Manesh, a Potomac-based commercial real estate broker and investor as well as owner of Cameron’s Seafood Restaurant, in Laurel, said he believed the settlements were positive. “We were able to help every tenant in every situation. I’m very proud of that.”
But he said he opposed a city rent-hike cap. He noted that he had invested $10 million in purchasing and improving four Laurel apartment complexes in the past two years (the others being apartments at Sixth and Main streets and on Montgomery Street, opposite Laurel Elementary School). “I was looking for an area to revitalize,” he said. “You want guys like me in Laurel.”
“There is a severe undersupply of affordable housing and elderly housing,” Manesh acknowledged. He said he would like to be involved in developing more affordable rental units in Laurel, providing that the city government authorizes appropriate zoning or other incentives. “I want people to have housing if they can’t afford $1,800 or $2,000,” he said.
After the Patuxent Place resolution, “more tenants in Laurel began to reach out about rent increases and lack of maintenance,” Benitez-Perez said. “We saw this was an issue we didn’t have the capacity to handle — to negotiate with every landlord.” So CASA reached out to LARS and the other organizations.
Mitchell said that he and DeWalt will propose that the city council adopt a law that establishes a rental registry, that would require landlords to pay a small annual fee and report information on their holdings, including any rent increases and changes in ownership.

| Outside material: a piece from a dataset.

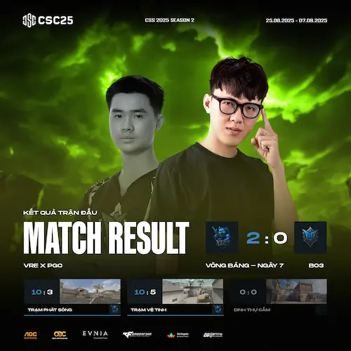 Với những diễn biến hấp dẫn như vậy, cuộc đua giành vé vào vòng trong của CSC 2025 S2 hứa hẹn sẽ còn nhiều kịch tính và bất ngờ. Hãy cùng chờ đón những màn trình diễn đỉnh cao tiếp theo từ các đội tuyển.

They also plan to propose a cap on annual rent hikes that would be tied to the Consumer Price Index, with a provision allowing landlords to apply for higher increases to cover improvements or other specific considerations.
Moe said his staff has prepared a number of measures for consideration, including possible expansion of the workforce housing law and a possible inflation-adjusted rent cap. But he cautioned that any such legislation is complicated, and would require careful review. “The public should be able to chime in, tenants as well as landlords,” he said.